Sous la direction de Greg Ng (Longlegs), le montage s’installe d’abord dans une lenteur contemplative d’une heure, avant de briser ce calme par de brusques ruptures de rythme dans le dernier acte. C’est ici que le bât blesse pour une partie du public : l’élan de la première moitié s’essouffle dans un final jugé plus confus que mystérieux, évoquant un calcul pour une suite plutôt qu’un vrai dénouement. Pourtant, même si je comprends cette critique, il me semblait indispensable pour une telle production d’injecter du spectacle, du suspense et de l’horreur. Un choix certes contre-intuitif face à l’ambiance purement atmosphérique de cet univers, mais nécessaire pour dynamiser ce final. Bien sûr, le film n’est pas exempt de défauts. Certains personnages secondaires restent davantage des vecteurs émotionnels que de véritables individus, et la narration, parfois très abstraite, semble occasionnellement sacrifier son efficacité dramatique au profit de l’expérience sensorielle pure. Mais ces réserves apparaissent bien secondaires face à ce que le film accomplit sur le plan formel.

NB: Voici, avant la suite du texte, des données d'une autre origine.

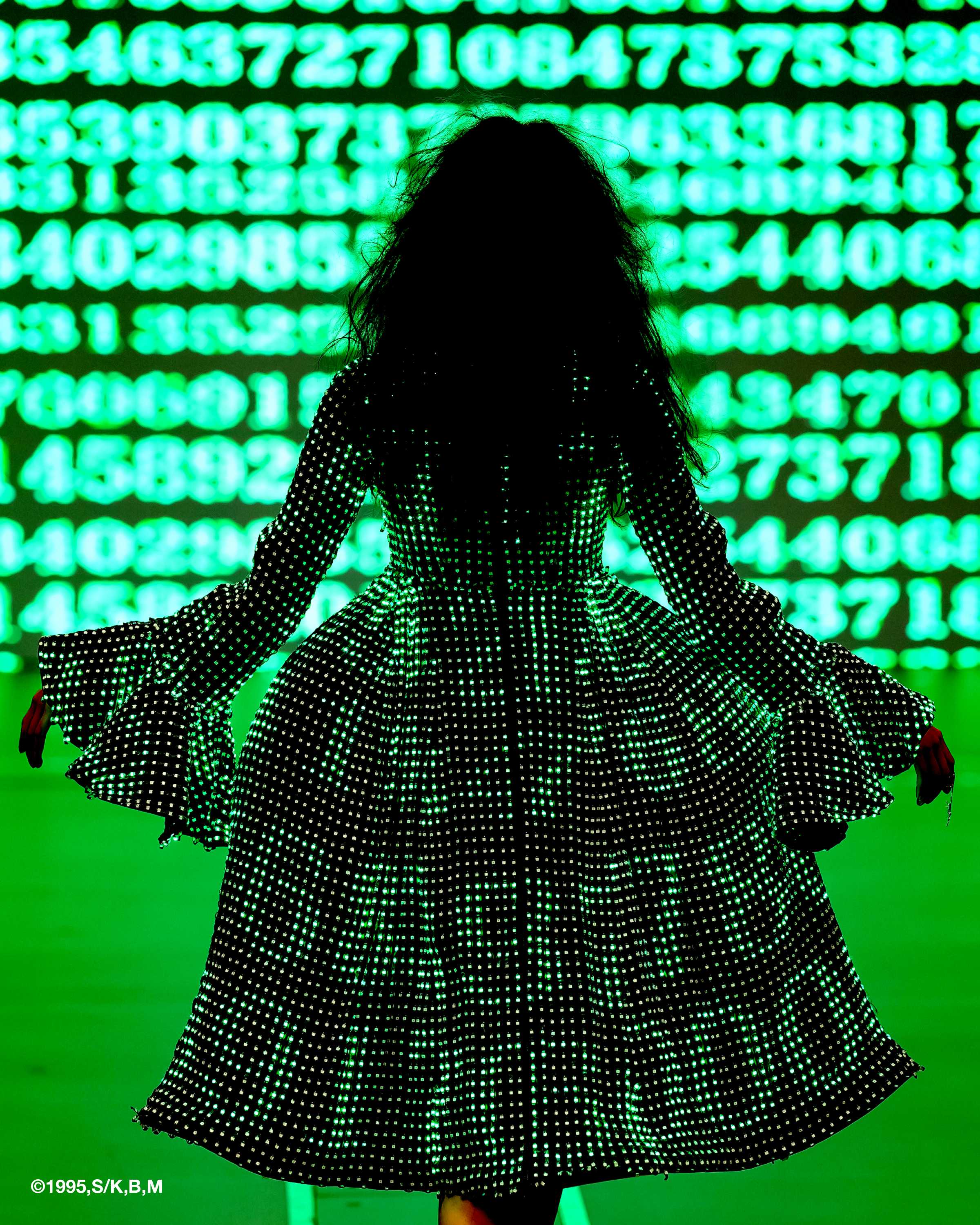 今回のコレクションテーマは「GHOST」です。世界的にも評価の高いSF作品「攻殻機動隊 GHOST IN THE SHELL」とのコラボレーションを通じて、作中に登場する透明化技術「光学迷彩」の概念を現実の衣服に実装しました。「目に見えないけれど確かに存在しているもの」に着目し、作中で描かれる「シェル(身体)とゴースト(魂)」や「AIと人間」といった境界が曖昧な概念をコレクションに投影。見る角度や環境によって輪郭が変化する「不可視性」を表現することで、身体と風景の境界を揺るがし、衣服が都市や空間に溶け込むような新たな視覚体験を発表しました。
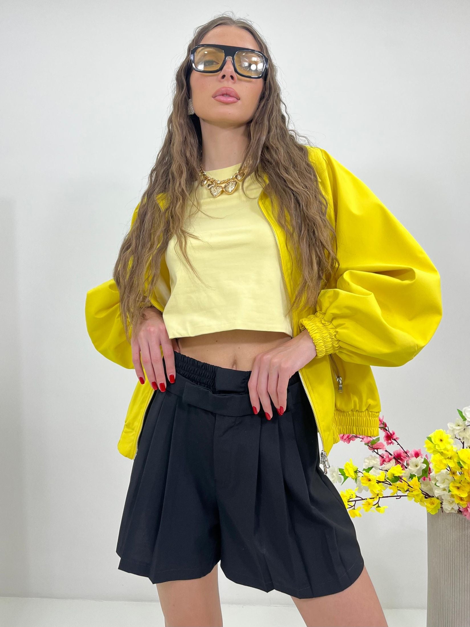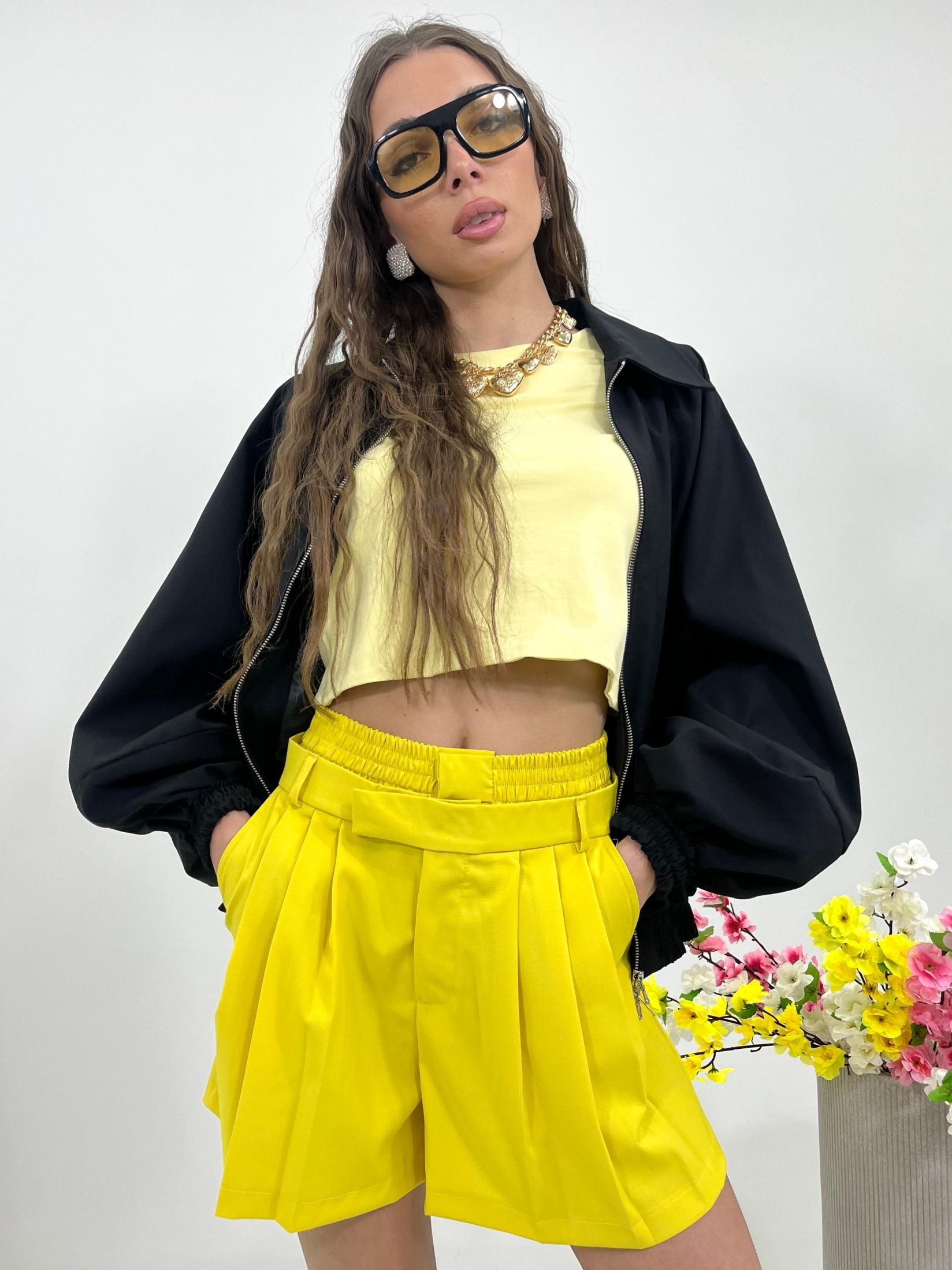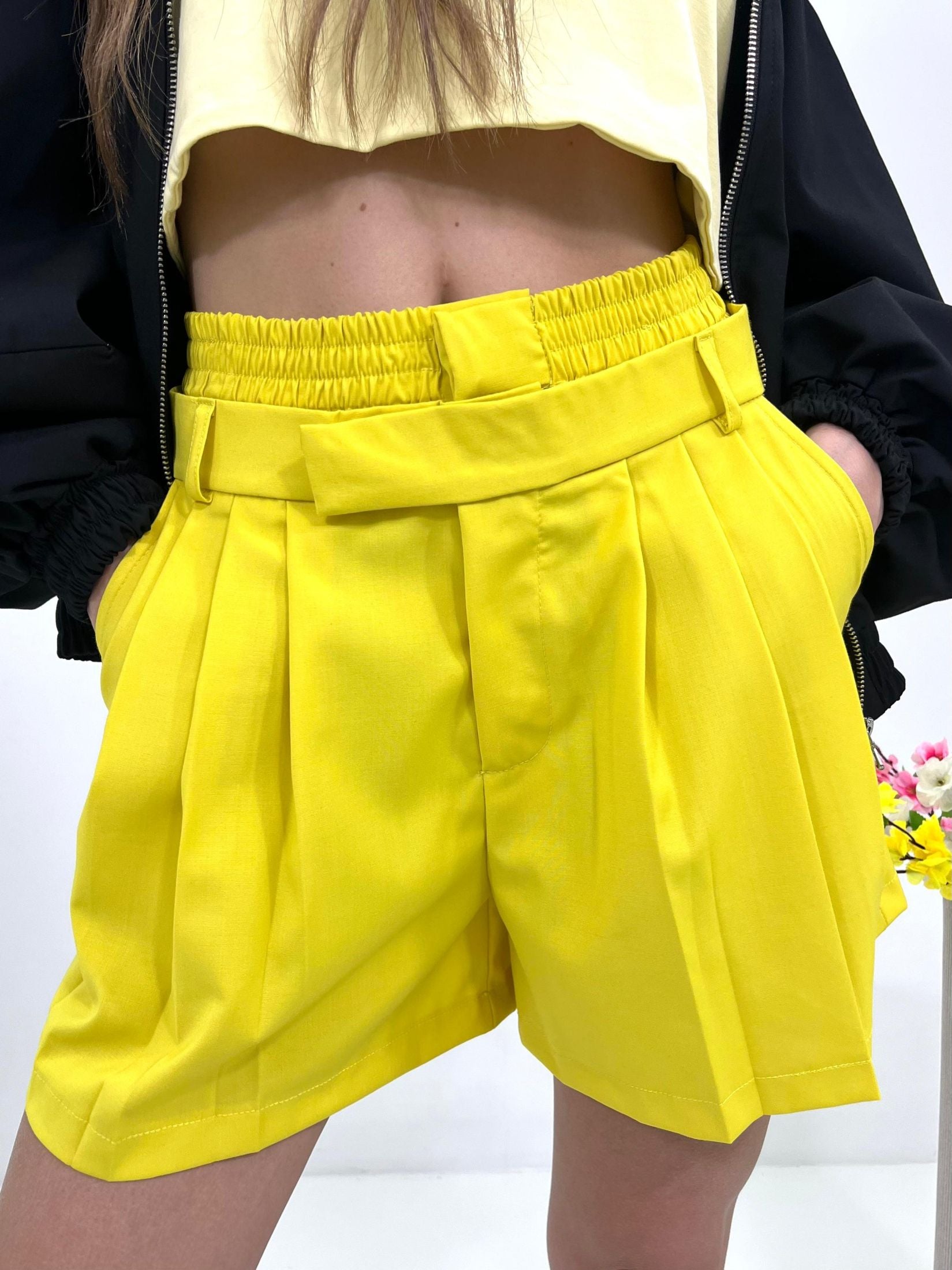 Shorts lumina con tasche e pences, fascia elastica in vita chiusura tip e bottone

Conclusion : Derrière le concept des Backrooms se profile une métaphore générationnelle implacable : celle d’un monde infini promis qui s’est mué en un piège vide et répétitif, dont l’unique horizon se résume à l’humidité de murs jaunis. En transposant l’angoisse des bureaux déshumanisés et l’étrangeté presque technologique des environnements « générés », Parsons a su toucher une peur profondément ancrée dans notre inconscient collectif. La force de cette angoisse contemporaine est telle qu’elle nous poursuit bien après la fin de la séance, faisant du hall de bureau le plus anodin une extension possible de son labyrinthe.